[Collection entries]
"""

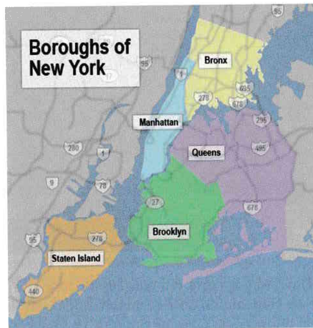
Zonele orașului New York

Marele oraș este împărțit în cinci zone: Manhattan, Staten Island, Bronx, Brooklyn și Queens. Manhattan este o insulă între două râuri: Hudson și East River. Râul Hudson separă Manhattan și Bronx de New Jersey, iar East River desparte Manhattan și Bronx de Long Island, adică de Brooklyn și Queens. Podurile sunt cele care fac legătura între diferitele zone ale orașului. Mai există și câteva insule mai mici, printre care Ellis Island, Governors Island, Liberty Island, Roosevelt Island.
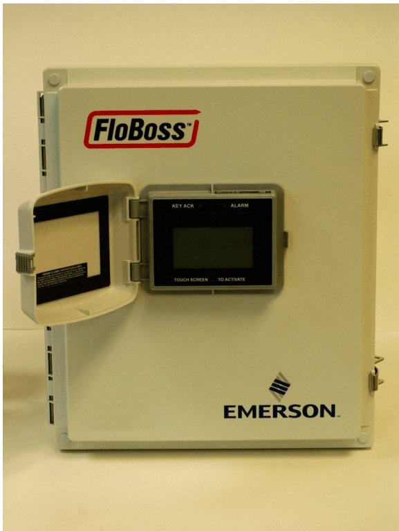
Figure 1 W40184
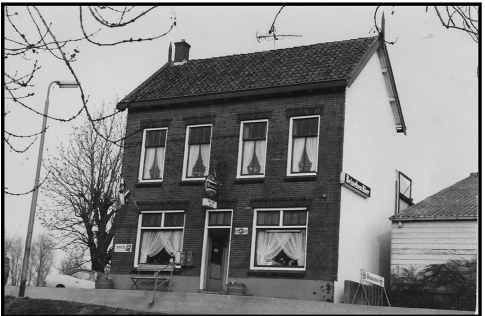
Café "BAR GEZELLIG"

Waar nu op de gevel "BAR GEZELLIG" prijkt, stonden vroeger 2 huisjes.
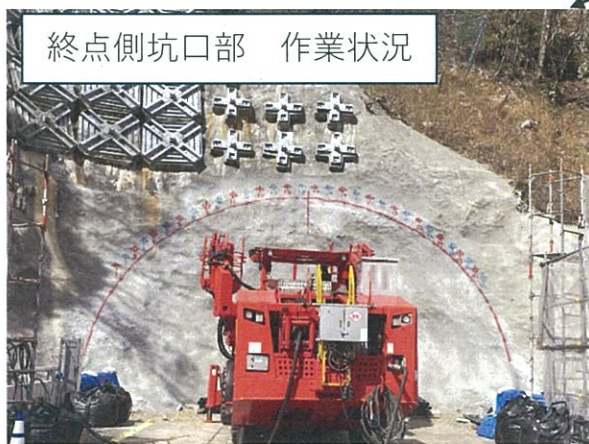
終点側坑口部 作業状況

"""

Reproduce each entry verbatim, excluding any embedded images.

Zonele orașului New York

Marele oraș este împărțit în cinci zone: Manhattan, Staten Island, Bronx, Brooklyn și Queens. Manhattan este o insulă între două râuri: Hudson și East River. Râul Hudson separă Manhattan și Bronx de New Jersey, iar East River desparte Manhattan și Bronx de Long Island, adică de Brooklyn și Queens. Podurile sunt cele care fac legătura între diferitele zone ale orașului. Mai există și câteva insule mai mici, printre care Ellis Island, Governors Island, Liberty Island, Roosevelt Island.
Figure 1 W40184
Café "BAR GEZELLIG"

Waar nu op de gevel "BAR GEZELLIG" prijkt, stonden vroeger 2 huisjes.
終点側坑口部 作業状況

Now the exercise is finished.